Today’s publication of the FCA’s final AMMS report shows both that the regulator has listened and that the fund industry has managed to get its message across fairly coherently. But whilst it may be perceived as a slight softening from the stance taken by the FCA last November – particularly around “all-in pricing” (a corner the regulator seems to now be trying to slowly back its way out of) the industry is not in for an easy ride by any means.
There are a couple of interesting points emerging from the final report. First, by shifting some of the burden of governance and duty of care towards end clients into the SMCR, the FCA is sending out a very strong signal about how it wants individual and corporate behaviour to change, and perhaps where it considers the greatest improvements are to be made.
Second, investment consultants have dealt with this lobbying process less effectively than asset managers. Whilst the regulator acknowledges the undertaking in lieu, made by the big three, to try and avoid being referred to the CMA, ultimately the FCA has said “thanks, but no thanks”. The fact that these undertakings were made in private in a perceived act of “collusion” is an irony few have missed.
Furthermore, it’s clear that the threat Brexit poses to the industry, and therefore the Treasury revenues, has also been taken into account, whether this is explicit or not.

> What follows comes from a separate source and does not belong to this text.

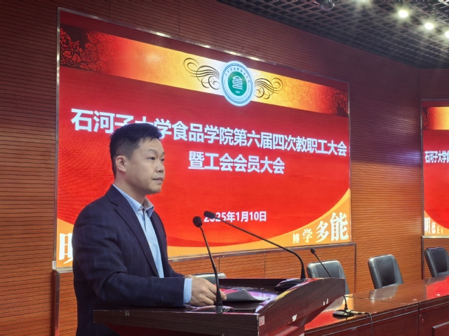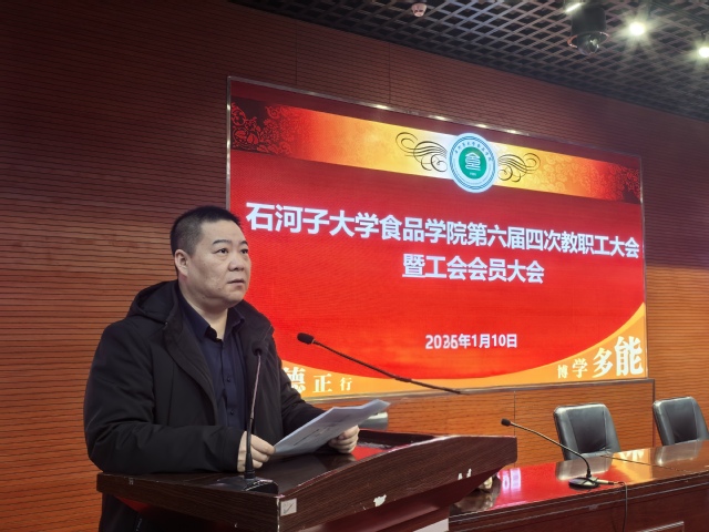 1月10日,食品学院教职工大会暨工会会员大会在北区大会堂学术报告厅召开。此次大会旨在回顾过去一年的工作成果,规划新一年的发展蓝图,会议由党委副书记、工会主席雷建鹏主持。
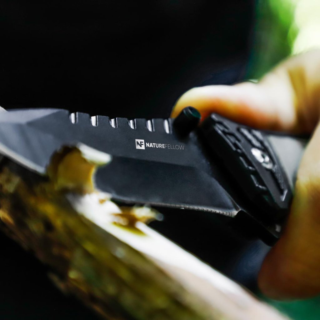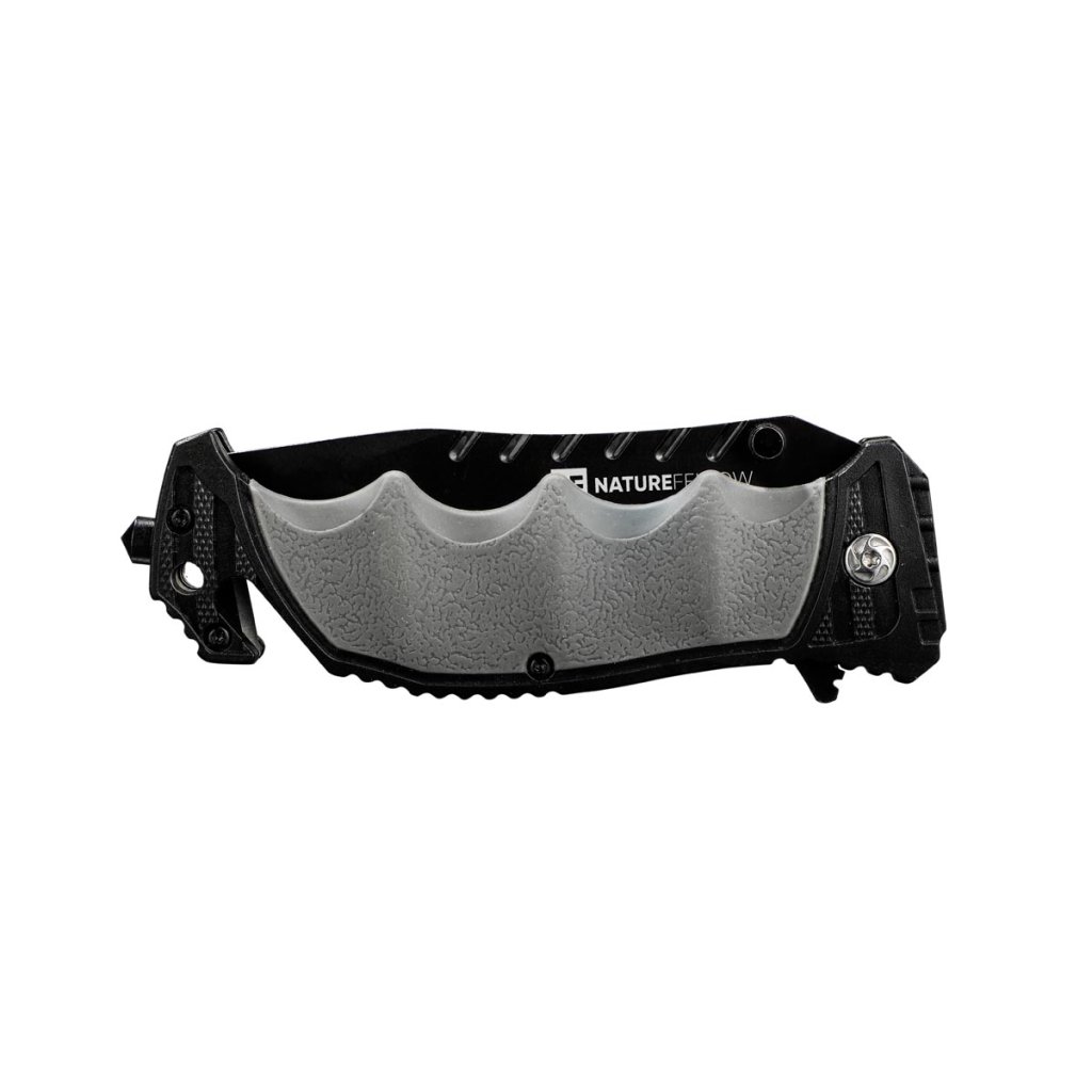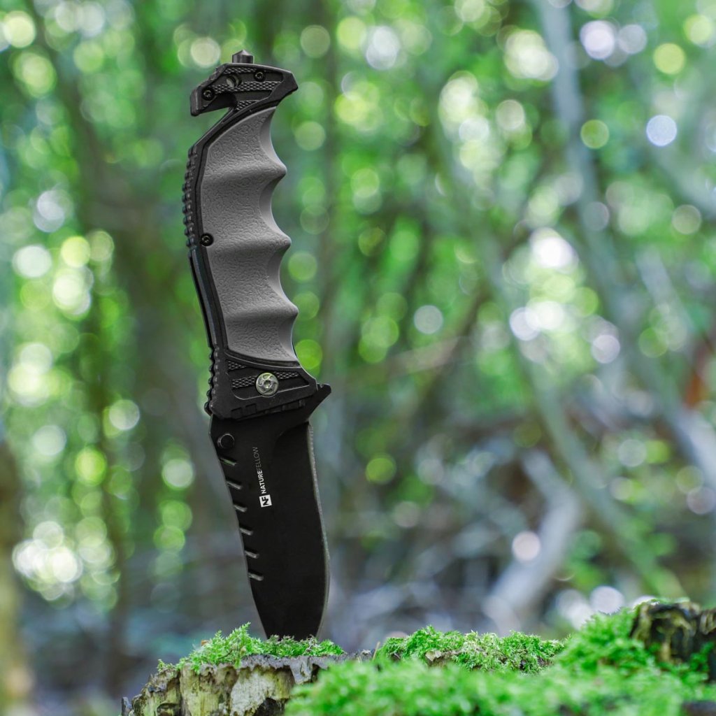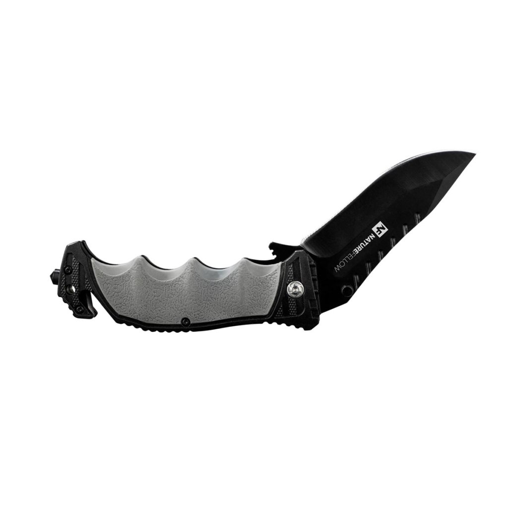 Nôž s uzamykateľnou čepeľou je univerzálny nástroj na kempovanie, turistiku, rybárčenie alebo do auta. S rezačkou na opasok, núdzovým kladivkom, protišmykovou ergonomickou pogumovanou rukoväťou a puzdrom s klipom na opasok.

The industry needs to sharpen up, but this is not the time for heavy handedness, particularly with MiFID II also on the horizon.
But the biggest takeaway is that the regulator will be closely accompanying the industry on its journey to meet these new regulatory demands. The threat of a CMA referral for the asset management sector may have rescinded but it remains in the shadows. Failure to comply with both the letter and spirit of the final, consulted upon rules will doubtless see it return in some form.